So glad to hear that all went well and you are home. Take care and follow orders and I am sure the 2 "men" will take good care of you!! God bless and remember to take care of yourself - Pattie


----------



## mountainlady56 (Feb 13, 2006)

Tami!
Glad you're home and hope you continue to improve. Enjoy your "boys" and give them lots of hugs and kisses........I know they missed you, and you missed them, for sure. Try to rest, and give yourself some time.
HUGS!
Darlene


----------



## skippershe (May 22, 2006)

Hi Tami!!  







Home!! 

I'm so thrilled to hear that you're finally back home. You have no idea how missed you were around here









I'm so looking forward to getting back to our old routine and our wonderful friendship! 
You make sure to get lots of rest and take care of yourself ok??

Lots and lots of love to you and your boys,


----------



## Sluggo54 (Jun 15, 2005)

Welcome home and welcome back!

It's great to have you back amongst us...

Sluggo


----------



## Moosegut (Sep 24, 2005)

BritsOnTour said:


> Hope you've got a bit of help before you dive back in full-pelt!!


 I met these folks at a rally last year. Very nice people . . . . . but does anyone know what that means?
















Glad you're home Tami. I was starting to think I was gonna have to start taking the boys to Big Stash's for lunch on a daily basis. They've been looking thin. I hope you get back in fill-pelt soon.







You gotta explain that one Ali.

Scott


----------



## JonesFamily (May 15, 2007)

Welcome Home Tami!

Lisa


----------



## campntn (Feb 20, 2005)

God bless you and your family....yes, He does listen. 
Keep us posted on your progress.
Mark and family


----------



## luv2camp (Mar 9, 2006)

Welcome home!

Make sure you rest at home and don't over do it. Your boys need you! Heck, we all need you too! Take care!


----------



## Canadiansue (Jun 23, 2006)

Happy to see that you are home, and well on the way to good health! You may be surprised at how well you will feel!
Thank-you Lord for answered prayer!


----------



## BritsOnTour (Sep 15, 2006)

Moosegut said:


> Hope you've got a bit of help before you dive back in full-pelt!!

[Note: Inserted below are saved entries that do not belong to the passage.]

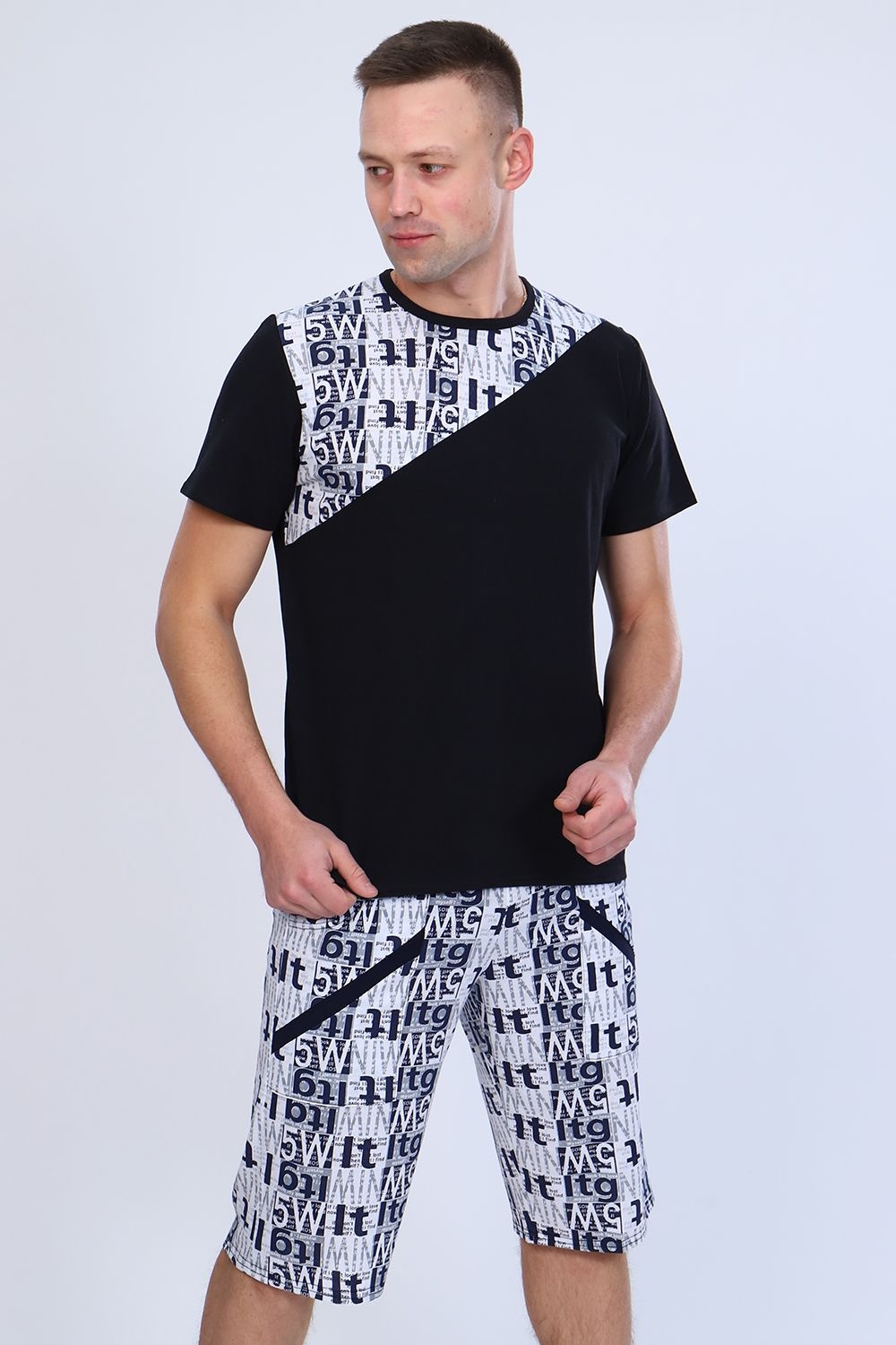 Мужской костюм состоит из футболки и бриджей. Бриджи с карманами, длина чуть ниже колена. Есть черный и серый цвет, состав серого цвета верх: 60% хб + 40% ПЭ; низ: 60% ХБ+ 40% ПЭ и черного цвета верх: 55% хб + 40% ПЭ + 5% эластан; низ: 60% хб + 40% ПЭ. Комплект костюма состоит из широкого размерного ряда. Отличный и удобный вариант на каждый день.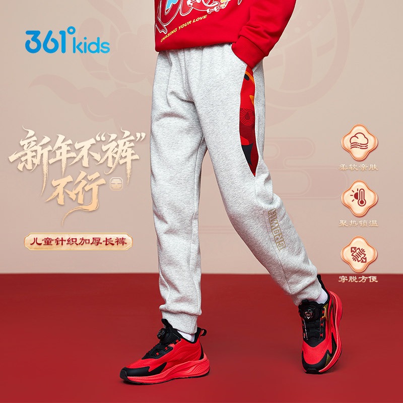 361童装 男童针织加绒长裤 儿童宽松加厚运动裤 2026春季休闲裤子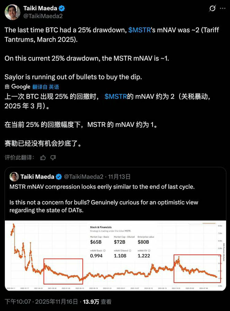 但當 BTC 大跌,加上mNAV跌破1,這個循環(huán)就沒有以前那么絲滑了。

 I met these folks at a rally last year. Very nice people . . . . . but does anyone know what that means?
















Glad you're home Tami. I was starting to think I was gonna have to start taking the boys to Big Stash's for lunch on a daily basis. They've been looking thin. I hope you get back in fill-pelt soon.







You gotta explain that one Ali.

Scott
[/quote]

............and they say we speak the same language! Actually, I always go into a mild panic when people question my English ('did I use it the right way/what does it _really _ mean?')

So, I googled it: With highest speed and impetus.

Another English-ism I'll have to add to my 'don't say without expecting the blank look!', there are so many!

Actually, I think it describes Tami pretty well (as well as the way we often describe how our toddler runs!)

HTH! Ali


----------



## huntr70 (Jul 8, 2005)

BritsOnTour said:


> Hope you've got a bit of help before you dive back in full-pelt!!


 I met these folks at a rally last year. Very nice people . . . . . but does anyone know what that means?
















Glad you're home Tami. I was starting to think I was gonna have to start taking the boys to Big Stash's for lunch on a daily basis. They've been looking thin. I hope you get back in fill-pelt soon.







You gotta explain that one Ali.

Scott
[/quote]

............and they say we speak the same language! Actually, I always go into a mild panic when people question my English ('did I use it the right way/what does it _really _ mean?')

So, I googled it: With highest speed and impetus.

Another English-ism I'll have to add to my 'don't say without expecting the blank look!', there are so many!

Actually, I think it describes Tami pretty well (as well as the way we often describe how our toddler runs!)

HTH! Ali
[/quote]
Hey Ali.......you were pretty close.

We tend to say 'full tilt' in the same reference.

Steve


----------